Data collected in a typical single-crystal experiment include a series of monochromatic two-dimensional diffraction images recorded while the crystal is rotated around a spindle. These images are then indexed, integrated, scaled and merged into a single file in a process that is usually called ‘data reduction’. Each recorded reflection is assigned Miller indices (h, k and l), and its intensity I(hkl) and estimated error σ[I(hkl)] are recorded. During scaling, equivalent reflections, including those related by space-group symmetry, are scaled and merged together. The structure-factor amplitudes [|F(hkl)|] are derived from these merged intensities. This process of reduction greatly decreases the size of the data set, at the (unfortunate) expense of losing potentially useful data in the merging process, such as diffuse scattering (Van Benschoten et al., 2016 ▸). Owing to various restrictions, structure-factor amplitudes (i.e. reduced experimental X-ray diffraction data) are often the only data preserved.
Currently, only the coordinates and structure-factor amplitudes (SF) are required for the deposition of a structure in the PDB. Our analyses have shown that SF are not always produced in an optimal way. In many cases, even automatic re-processing of raw diffraction images could lead to a set of SF with better resolution. Surprisingly, a substantial number of deposited structures report an 〈I/σ(I)〉 greater than 10 for the highest resolution data, far exceeding the common rule-of-thumb threshold of an 〈I/σ(I)〉 of about 2. Moreover, this rule of thumb may be too restrictive given recent advances in refinement algorithms (Diederichs & Karplus, 2013 ▸).

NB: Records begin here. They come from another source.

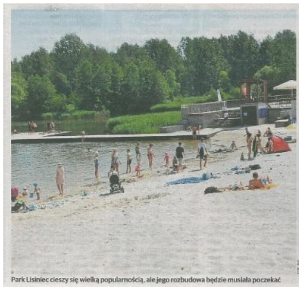
Park Lisiniec cieszy się wielką popularnością, ale jego rozbudowa będzie musiała poczekać

Jutro odbędzie się sesja nadzwyczajna Rady Miasta, podczas której wykreślonych lub przesuniętych w czasie zostanie wiele inwestycji. To m.in. budowa ul. Złotej wraz z odwodnieniem, ul. Traugutta, ul. Lwowskiej, drogi gminnej od ul. Połanieckiej do węzła DK-1 z A-1, ul. Żyznej, rozbudowie ul. Boya-Zeleńskiego, przebudowie oświetlenia ulicznego wzdłuż trasy tramwajowej. Zabraknie środków na przebudowę chodników i miejsc parkingowych przy ul. Filomatów, na budowę połączenia rowerowego ul. Piłsudskiego z ul. Wróblewskiego, na budowę chodnika i kanalizację teletechniczną przy rondzie ks. Stanisława Guzika, budowę ul. Obroniców Westerplatte. Nie powstanie wybieg dla psów, nie zostanie przebudowana sala gimnastyczna w ZSP nr 2 przy ul. Olsztyńskiej, nie rozpocznie się budowa nowej linii tramwajowej na Parłotkę, nie będzie kontynuowana rewitalizacja Parku Lisiniec.
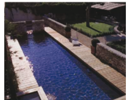
Margelle bois et liner sombre
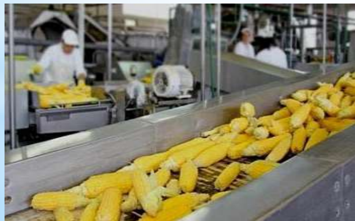
Переработка продукции растениеводства
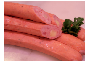
Käseknacker für Pfanne, Topf u. Grill, mit leckerem Gouda
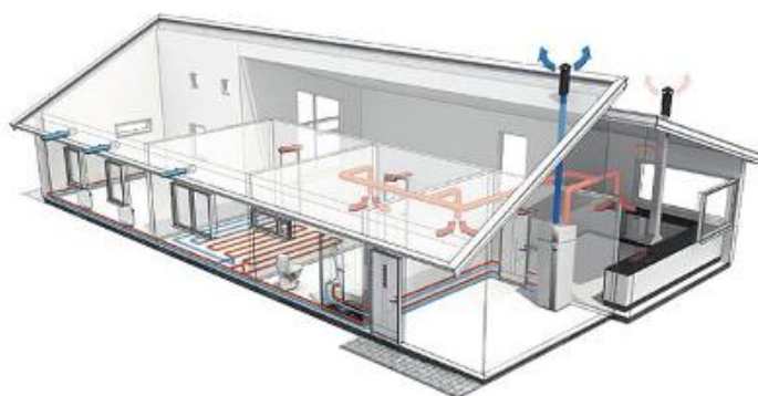
Obr. 2 • Schéma podtlakového větrání v rodinném domě [4]
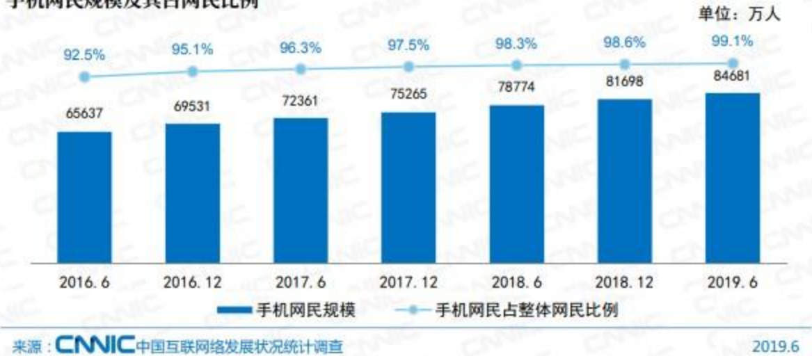
手机网民规模及其占网民比例

随着数字化进程的推进和数字经济的发展，我国互联网基础设施建设不断优化升级，互联网所能承载的服务愈来愈多，应用场景不断扩大。在此基础上，网民规模将持续增长，互联网渗透率不断提升，都为行业的发展带来了更大的想象空间。
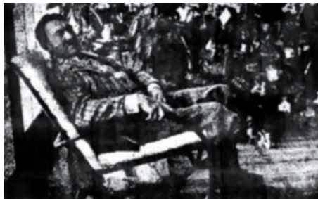
هتلر في حياته الهادئة.
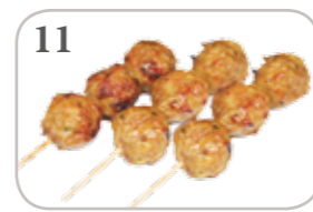
11 3 brochettes (boulettes de poulet)

The availability of raw diffraction images for subsequent reprocessing could lead to the extraction of additional usable data, enable some previously deposited structures to be improved and/or permit a better interpretation of biomedical results (Shabalin et al., 2015 ▸; Sato et al., 2006 ▸; Ramachandraiah et al., 2002 ▸). In general, raw diffraction images of macromolecular crystals are discarded owing to disk-space limitations or are lost owing to the obsolescence of digital storage media. As a consequence, the original experimental data are irretrievably lost. In the rare cases where the original data images are available they are usually distributed ‘as is’, and substantial expertise is needed to deduce a wide array of essential experimental information, including X-ray beam geometry, measurement protocols, X-ray detector and goniometer type and movement etc. All such metadata are required for successful re-processing.

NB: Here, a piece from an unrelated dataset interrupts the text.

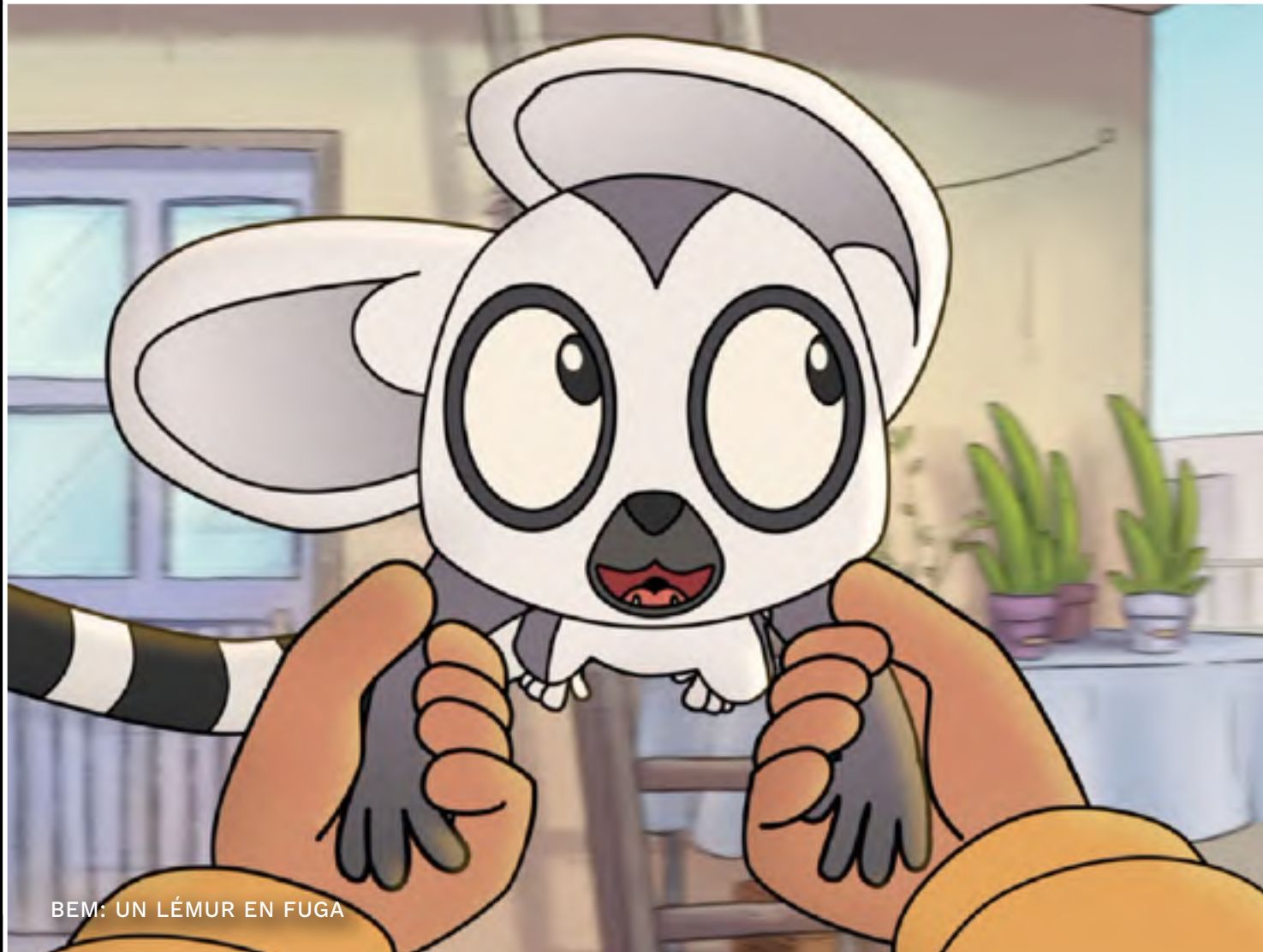
BEM: UN LÉMUR EN FUGA

Amassing a large set of diffraction experiments provides an opportunity for carrying out ‘data-mining’ studies to explore the impact of various parameters on structure-determination/refinement processes. Machine-learning tools may uncover hidden patterns and correlations, thereby providing a rational basis for recommending ‘best practices’ for future experimental design, such as data-collection strategies and protocols. Such analyses are also likely to yield improvements in automatic processing and scaling procedures with which to generate optimal sets of structure factors and refined structures.

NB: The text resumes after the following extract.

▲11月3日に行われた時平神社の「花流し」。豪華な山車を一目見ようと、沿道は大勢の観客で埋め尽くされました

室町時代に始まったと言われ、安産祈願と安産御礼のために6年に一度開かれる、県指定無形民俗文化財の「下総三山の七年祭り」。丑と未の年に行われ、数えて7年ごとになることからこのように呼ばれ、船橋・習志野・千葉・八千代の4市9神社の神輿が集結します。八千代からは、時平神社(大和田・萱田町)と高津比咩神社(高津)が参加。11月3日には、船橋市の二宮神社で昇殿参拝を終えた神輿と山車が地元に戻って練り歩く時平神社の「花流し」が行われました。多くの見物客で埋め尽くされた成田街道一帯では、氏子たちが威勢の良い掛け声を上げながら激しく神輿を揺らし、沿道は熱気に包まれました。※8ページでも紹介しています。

The importance of retaining raw diffraction data has been emphasized numerous times (Jones et al., 1996 ▸; Androulakis et al., 2008 ▸; Baker et al., 2008 ▸; Jovine et al., 2008 ▸; Rupp, 2012 ▸; Domagalski et al., 2014 ▸; Minor et al., 2016 ▸). The International Union of Crystallography (IUCr) responded by forming the IUCr Diffraction Data Deposition Working Group (DDDWG) in 2011. The 2011–2014 DDDWG triennial report (http://forums.iucr.org/viewtopic.php?f=21&t=343) made several key recommendations regarding the preservation of raw diffraction images. These recommendations include (i) the creation of a new type of article in the Journal of Applied Crystallography for difficult experiments where the authors ‘would describe the nature of the data set and in effect invite the community at large to work with these data’; (ii) the development of ‘specifications for a centralized crystallographic repository of metadata describing and locating experimental data sets’; and (iii) that ‘authors should provide a permanent and prominent link from an article to the raw data sets’ used to produce a peer-reviewed publication. Placing the responsibility for a ‘permanent’ link with a single laboratory is, however, problematic for a variety of reasons, not limited to the lifetime of the originating research group. In contrast, larger resources, such as that described herein, assign DOIs (Digital Object Identifiers; International DOI Foundation, 2016 ▸), which should provide a reliable mechanism of locating the data, even if the URL or the maintainer of the data changes.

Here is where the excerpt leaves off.